Provided data ▸
################

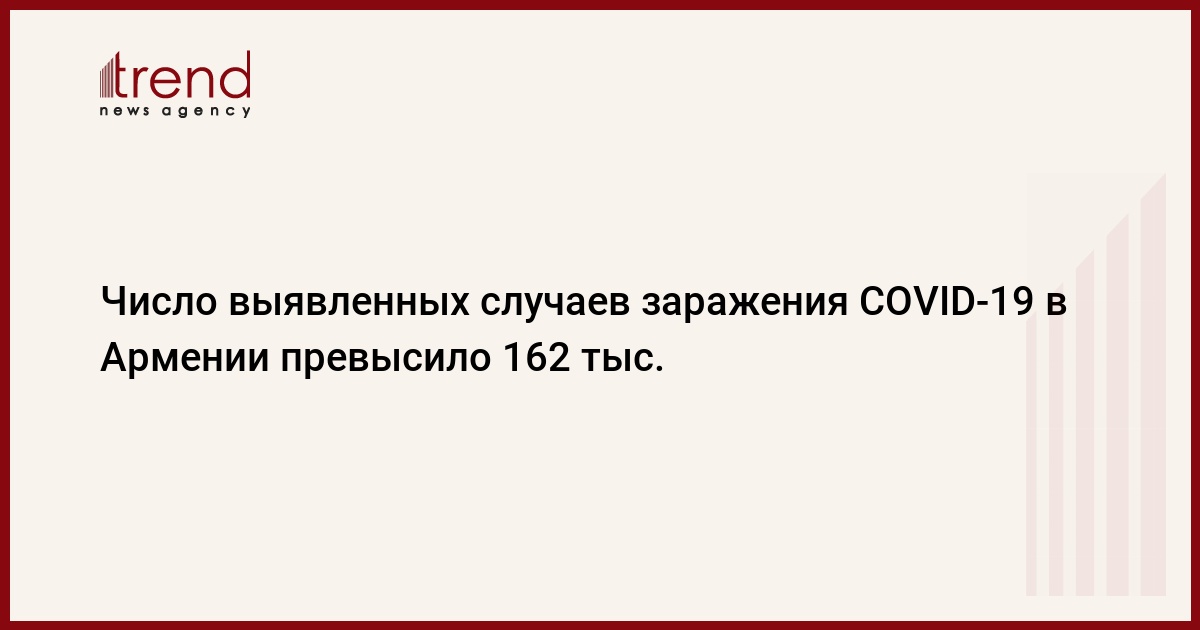 Число подтвержденных случаев заражения коронавирусом в Армении увеличилось до 162 131, сообщает в воскресенье Национальный центр контроля и профилактики заболеваний, передает Trend со ссылкой на армянские СМИ.
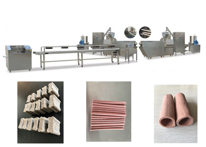 Los Chews/invitación/máquina/perro húmedos Semi-húmedos del ANIMAL DOMÉSTICO de China del bocado del animal doméstico mastican el almidón de las tomas del extrusor como materias primas con la configuración científica y fueron sacados de la máquina del coextruder, él se pueden hacer en muchos clase de formas tales como palillo, ect del hueso. Esta clase de comida de perro no sólo proporciona la nutrición gorda de la vitamina de la proteína para los perros, pero también satisface la afición de la naturaleza del perro. Tiene características siguientes: fortalezca los dientes, boca limpia y los dientes, los productos pueden estar en muchas formas, como la torsión, bicolor, corazón-llenando y así sucesivamente.
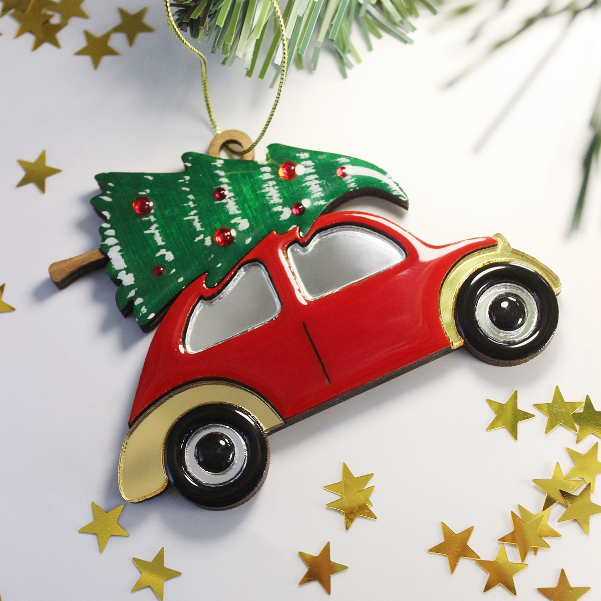 Елочная игрушка «Машинка» — новогоднее украшение из коллекции "Русские сезоны", сделанное вручную российскими мастерами.
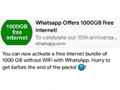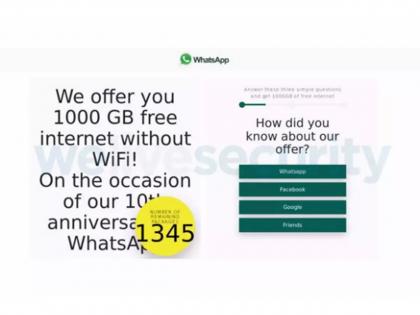 व्हॉट्सअॅपला यावर्षी 10 वर्षे पूर्ण झाली. याच गोष्टीचा फायदा घेऊन हा मेसेज व्हायरल करण्यात येत आहे. व्हॉट्सअॅप आपल्या वाढदिवसानिमित्त युजर्सना 1000GB इंटरनेट डेटा फ्री देणार अशा आशयाचा मेसेज व्हायरल होत आहे. फ्री डेटासाठी मेसेजमध्ये एक लिंकही देण्यात आली आहे. या लिंकवर क्लिक केल्यास एक पेज ओपन होतं. यामध्ये ऑफरबाबत माहिती देण्यात आली आहे.

################

What is needed ▸ Take the lines from the start of the listing above through the line with "вручную российскими мастерами.", both ends included, and copy them exactly, leaving the pictures behind.

Solution for this problem ▸
 Число подтвержденных случаев заражения коронавирусом в Армении увеличилось до 162 131, сообщает в воскресенье Национальный центр контроля и профилактики заболеваний, передает Trend со ссылкой на армянские СМИ.
 Los Chews/invitación/máquina/perro húmedos Semi-húmedos del ANIMAL DOMÉSTICO de China del bocado del animal doméstico mastican el almidón de las tomas del extrusor como materias primas con la configuración científica y fueron sacados de la máquina del coextruder, él se pueden hacer en muchos clase de formas tales como palillo, ect del hueso. Esta clase de comida de perro no sólo proporciona la nutrición gorda de la vitamina de la proteína para los perros, pero también satisface la afición de la naturaleza del perro. Tiene características siguientes: fortalezca los dientes, boca limpia y los dientes, los productos pueden estar en muchas formas, como la torsión, bicolor, corazón-llenando y así sucesivamente.
 Елочная игрушка «Машинка» — новогоднее украшение из коллекции "Русские сезоны", сделанное вручную российскими мастерами.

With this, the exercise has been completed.